The molecular basis for degenerative dementia

Biomarkers for AD can be categorized into two broad categories:

    1. Markers of amyloid-beta accumulation

      • CSF assays of amyloid beta1-42

        • AD is associated with a decrease in CSF amyloid-beta1-42 that is generally thought to represent evidence of that amyloid-beta is polymerizing and depositing as fibrillar plaques

      • PET amyloid

        • PET imaging of amyloid-beta utilizes derivatives of histopathological stains such as thioflavins, that bind to fibrillar forms of amyloid-beta

        • Amyloid-PET is = demonstration of amyloid plaque pathology at autopsy

        • A negative amyloid PET equates to no amyloid deposits and that the likelihood of cognitive impairment due to AD is low.

    2. Markers of neuronal injury or neurodegeneration

      • Molecular markers

        • Elevated CSF phosphorylated (P) tau and total tau

      • Imaging markers of synaptic dysfunction

        • FDG-PET measures glucose metabolism in brain. The characteristic pattern of FDG-PET abnormalities associated in AD is bilateral temporoparietal hypo-metabolism. Frontal hypometabolism is also reported in later stages of AD.

        • fMRI can assess brain function during cognitive tasks, does not need contrast or radioactive substance. fMRI during the resting state, sometimes referred to as "task-free" fMRI using blood oxygen level-dependent (BOLD) imaging. Correlation between activity within neural networks is assessed.

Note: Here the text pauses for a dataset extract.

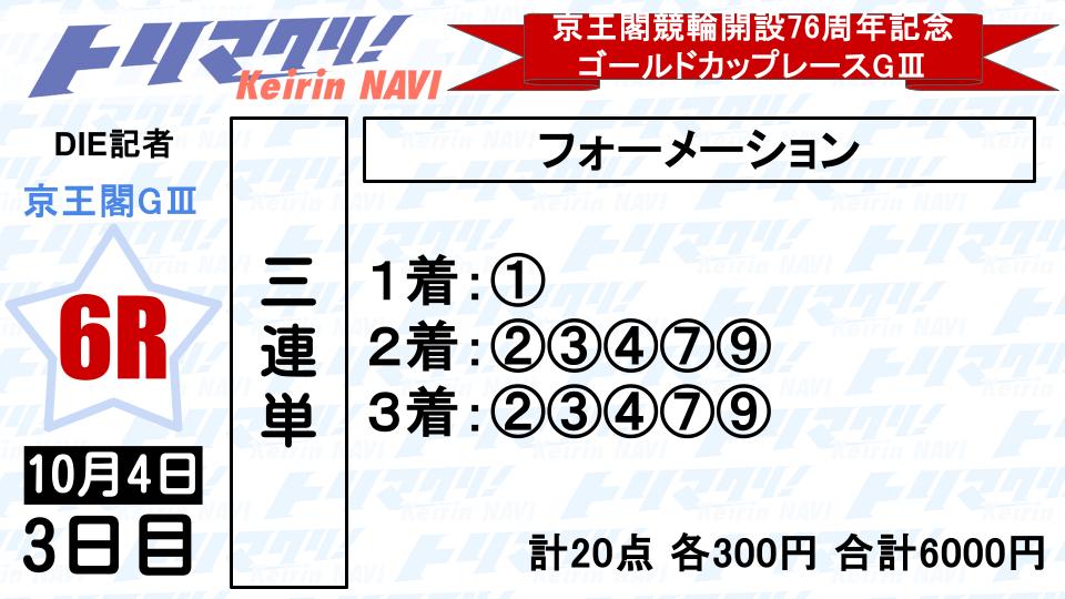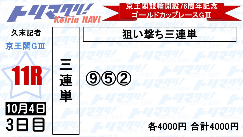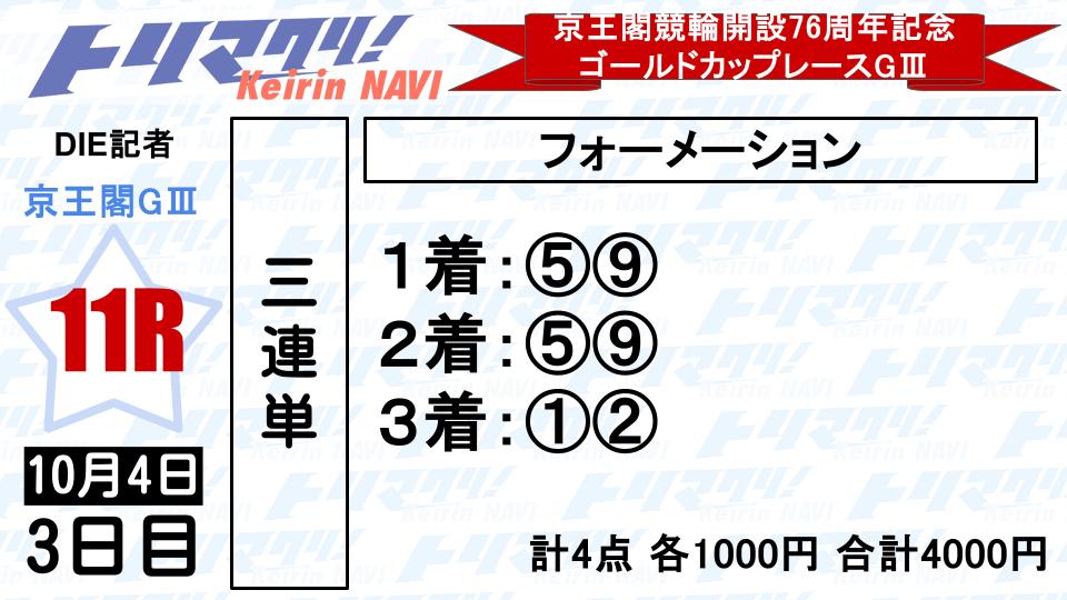 昨日のレースを見ると⑨脇本の状態に全く問題はなさそう。マークも⑤浅井と余程のことがない限り離れる展開は考えにくいのでワンツーから。三着もデキのいい②菅田で大丈夫か。一点で勝負してみる。

        • Fc-MRI (functional connectivity MRI)

        • ASL-MRI (Arterial spin labeling MRI)

      • Imaging markers of neuronal loss and atrophy

        • Volumetric MRI measures AD characteristics atrophy in the medial temporal lobe structures (including the hippocampus and entorhinal cortex), and by cortical thinning of the heteromodal cortices including posterior cingulate, precuneus, lateral parietal, temporal, and frontal regions. Visual variants in AD demonstrate posterior cortical atrophy and those with prominent language deficits demonstrate left temporal atrophy.

The most important concept to recognize in considering the high image-to-pathology correlation is that amyloid positivity does not reliable distinguish clinical diagnosis, so that neurological normal people as well as those with MCI, AD dementia, and other neurodegenerative diseases including DLB can all be "amyloid positive."

It is important to note that both CSF and PET amyloid imaging markers are thought to reflect amyloid accumulation in fibrillar forms and may not reveal other forms of A-beta, such as smaller soluble species of so-called oligomeric species of A-beta that some believe represent the toxic forms of A-beta.

Default network implicated in memory and other complex cognitive processes include precuneus, posterior cingulate, inferior parietal, lateral temporal, and superior frontal cortices, which are particularly vulnerable to amyloid deposition. The earliest and most heavily affected brain regions are the middle frontal gyri (part of the cognitive control network) and parietal precuneus/posterior cingulate regions which are considered the key node regions of the default-mode network.